Is not to get a real PC. :-(. If someone figured out how to stick a TV card on this thing I'm pretty sure they'll make to software for it but it's not the case.
I've been planing for almost a year to build myself a media pc. Compared different possibilities, looked around for the software I could use.
And in the end I've settled of a modded XBOX. Best choice for the price!
It does everything I want with the fantastic XBOX Media Center software plus some other homebrew software (XMAME and stuff) and a couple of nice Python scripts.
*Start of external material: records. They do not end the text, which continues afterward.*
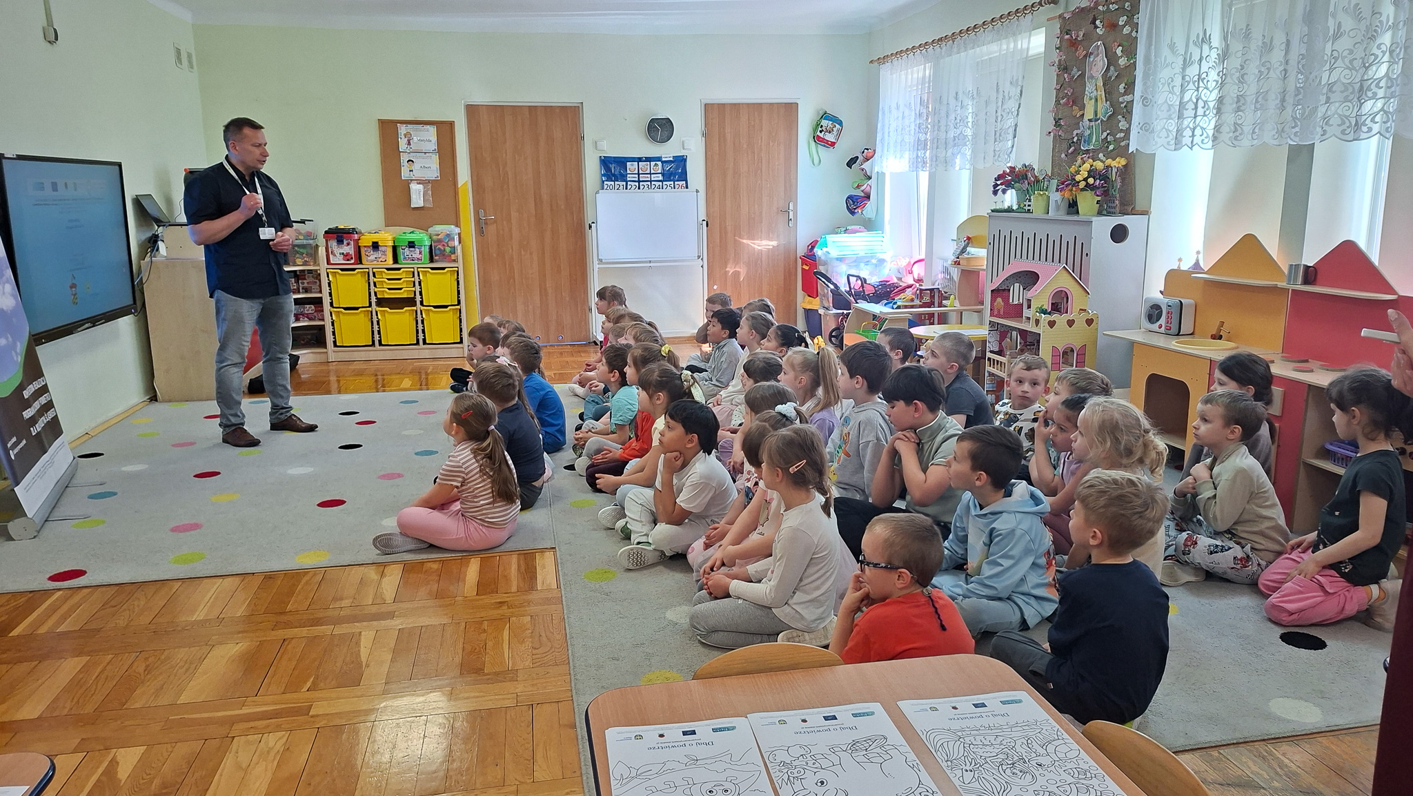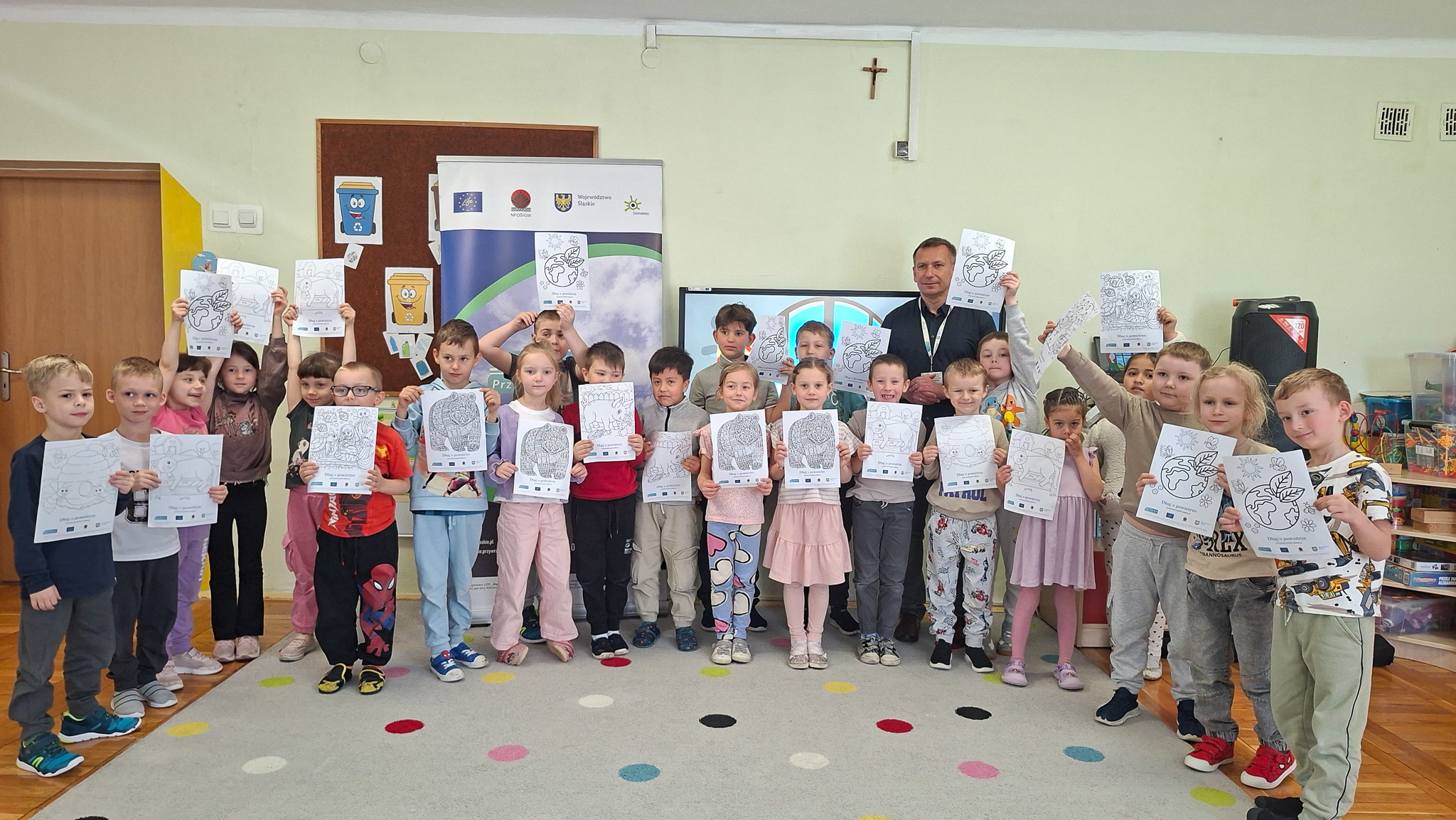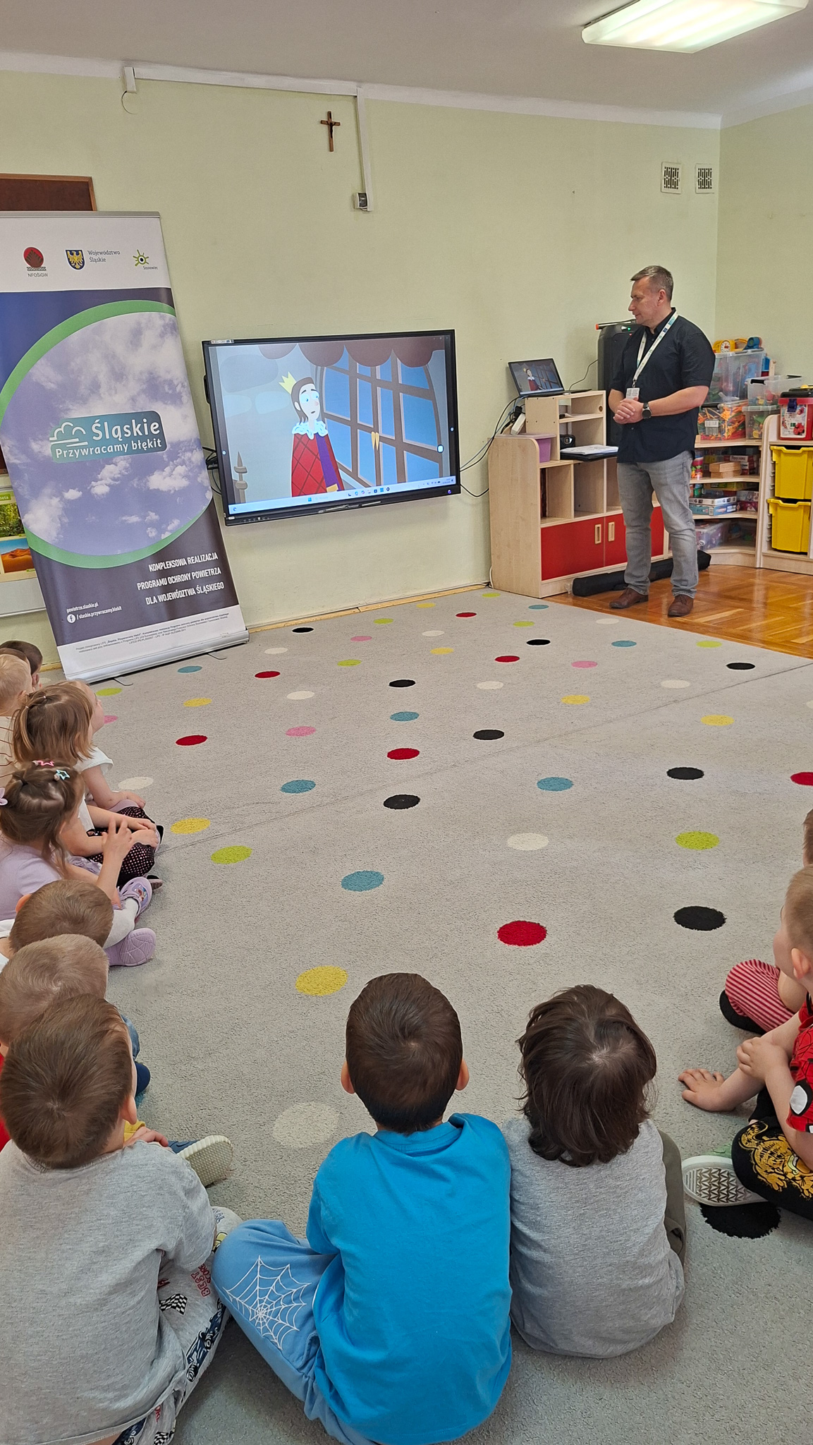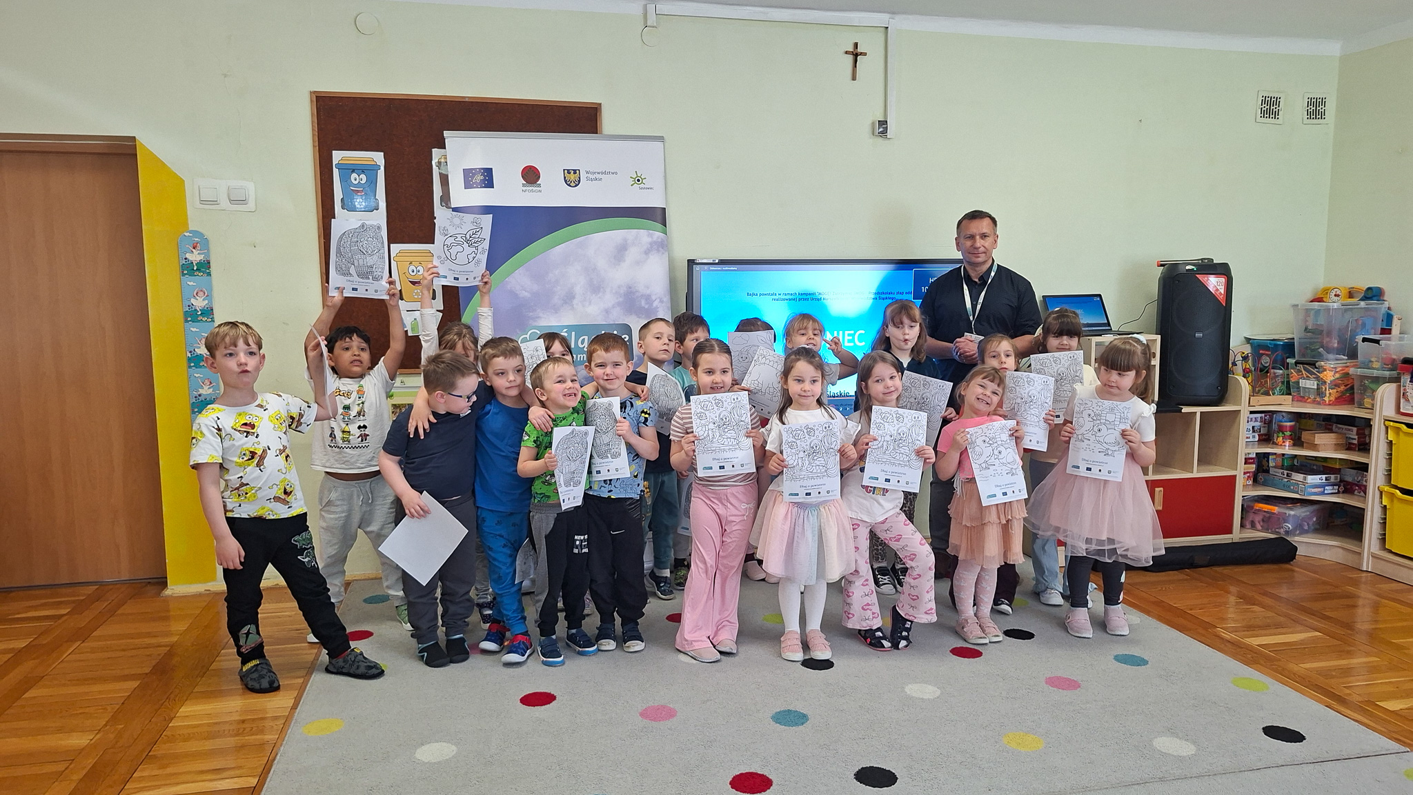 W dniach 23 i 24 kwietnia 2026 r., Ekodoradca odpowiadając na zaproszenia Dyrekcji Przedszkoli Miejskich nr 22 przy ul. Hutniczej 3 i 56 przy ul. Jagiellońskiej 13e w Sosnowcu, kolejno odwiedził te placówki, gdzie przeprowadził Eko prelekcje. Łącznie w obu placówkach w zajęciach brało udział 152 przedszkolaków. Dzieci z poszczególnych grup z ciekawością uczestniczyli w zajęciach realizowanych w ramach projektu: LIFE „Śląskie. Przywracamy błękit”. Wykorzystując między innymi film edukacyjny pod tytułem: „Książę i Smog”, zapoznano przedszkolaków z problematyką zanieczyszczeń powietrza oraz jakie są negatywne skutki SMOG-u dla naszego życia i zdrowia. Wspomniano też co robić i jak reagować kiedy widzimy kogoś kto nieodpowiedzialnie spala odpady. W dalszej kolejności omówiono jak otaczająca nas przyroda wspomaga jakość powietrza i dlaczego warto dbać o otaczającą nasz przyrodę. Przypomniano dlaczego nie wolno wypalać traw, gdzie pożar może w sposób niekontrolowany rozprzestrzenić się na drzewa, które są nam niezbędne do produkcji tlenu. Na koniec zajęć, dzieci potrafiły odpowiedzieć dlaczego tak ważną kwestią jest aby dbać o czyste powietrze i otaczającą nas przyrodę, co tylko z optymizmem pozwala spojrzeć w przyszłość.
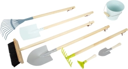 Manches en bois et parties de travail en métal résistent à l’usage quotidien des enfants au jardin, dans le bac à sable ou dans la cour.
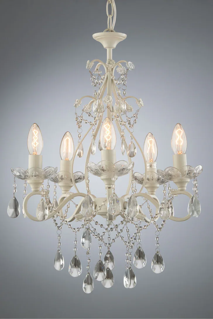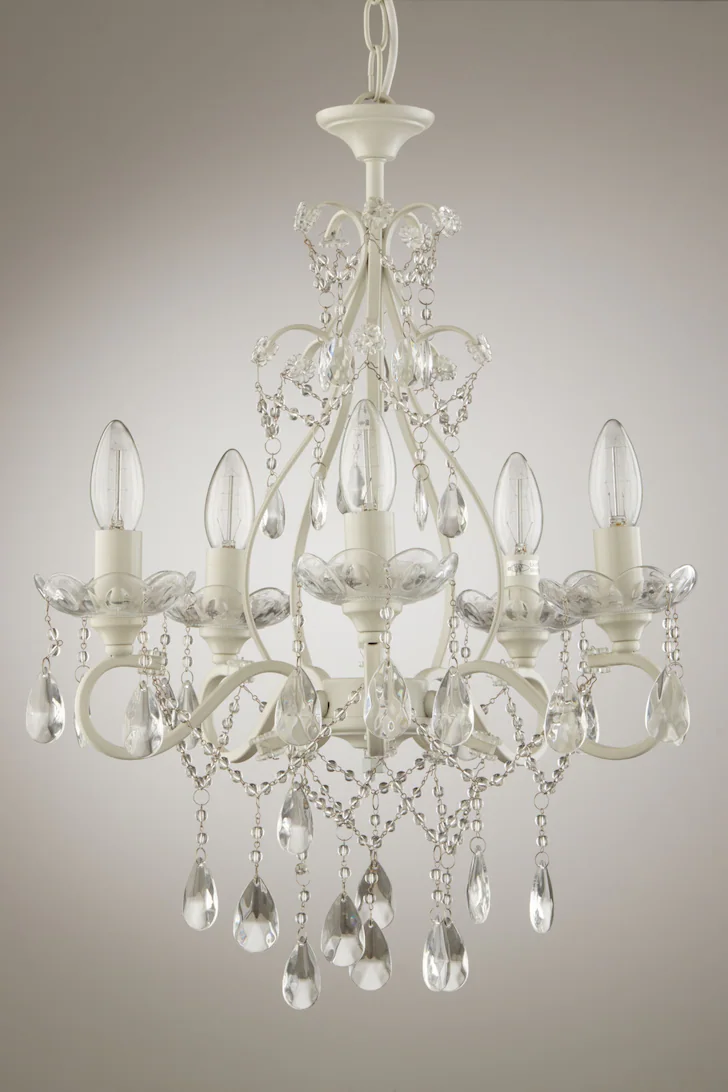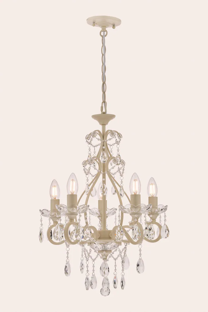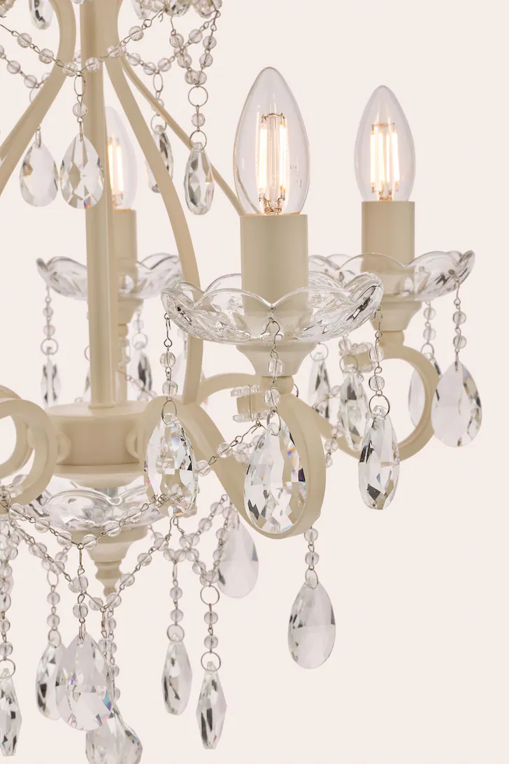Shamley, 12 armet lysekrone i krom med glassprismer
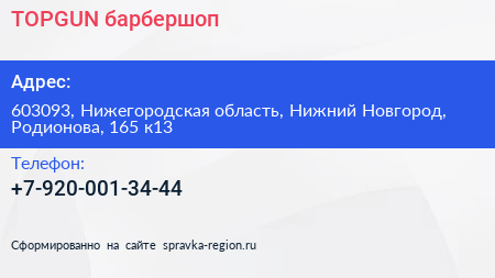 TOPGUN, барбершоп по адресу 603093, Нижегородская область, Нижний Новгород, Родионова, 165 к13 в дальнейшем Организация, размещена в следующих категориях:
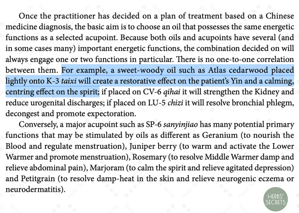 我其实很认同这个方法的逻辑原理,利用精油的能量特性通过经络“输送”从而对人体产生效用,这应该行得通。不过对于具体的操作方式以及精油与穴位的配伍我并不能与作者完全达成共识。如果以同样为能量运作的针灸作为这种精油穴位应用的蓝本,我们或许应该要解决的是如何运用精油匹配每个穴位的穴性,而非与病或症配伍,以及如何从精油的角度来定义「补泻」的功能。尽管Peter Holmes也有提到精油的选取是匹配特定穴位的相同能量,但他理解中的「能量」与「穴性」之间还是有一定差异。以太溪穴为例,它是足少阴经原穴和输穴,五行属土,禀少阴热水之阴精,水中又聚中土之性,水土形成戊癸合化之势,化气以助中土。而这些特性绝不是一个简单的「Yin」(阴性能量)就能概括的。经络有三阴三阳,广义上,三阴经都能对「阴性能量」有所影响。
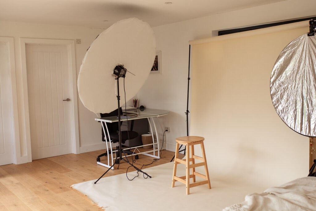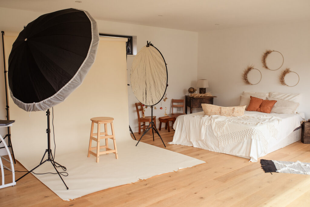 One of the highlights of my studio is the lifestyle area, bathed in natural light streaming through big windows, complete with a cozy bed for capturing stunning natural light images. Decorated with beautiful dried flowers from The Flower Project, a local eco-friendly flower shop in Cambridge, the space exudes a sense of tranquility and elegance.
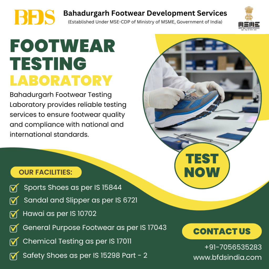Bahadurgarh Footwear Testing Laboratory, operated under Bahadurgarh Footwear Development Services (BFDS), provides professional and reliable footwear testing services to ensure product quality, safety, and compliance with Indian Standards. Established under the MSE-CDP scheme of the Ministry of MSME, Government of India, the laboratory supports manufacturers, exporters, and footwear units with accurate and trusted testing solutions.

The only technical requirement it to know how to user FTP.
On the downside, it's doesnt do PVR at all
So if you can live without the PVR facilities, this baby should do all you music listening, movie playing, picture browsing and classic gaming on your TV.
You can put the money saved of a PC to buy a dedicated PVR which can be programmed form the XBOX. There are scripts the show the TV program and can control some PVRs.
"You superiour intellect is no match for our puny weapons" - The Simpsons
Agreed. I'm currently playing with a media box I put together for a lot less than 2200. Of course, my demand for bells and whistles is fairly low. I personally prefer a small, quiet, media box, so I use the Antec Aria case. It doesnt have a lot of room, but it can hold a reasonable motherboard (MSI something... cant remember right now), TV card, and a DVD drive. I also have to disagree with the article where it talks about using a keyboard instead of the remote. Personally, when I'm using my media box I really just wish I could not think and use 1 button, not a keyboard worth. Oh well, someday I'll have the voice controlled media box done =). For now, with MythTV and Lirc it does pretty much anything I need.
<shameless type="shill">
And if you want to buy a premade Lirc (or WinLirc) homebrew transceiver, or assemble it yourself, I might have what you need.
</shameless>
How does your graphics card decode WMV9 and H.264 video? Many videocards have MPEG-2 decoding, but that won't handle anything but OTA HDTV streams. Blu-ray, HD-DVD, HD DirecTV broadcasts (presumably ripped from a DVR), anything downloaded from the Internet, will likely almost never be MPEG-2, cutting you off from most HD videos.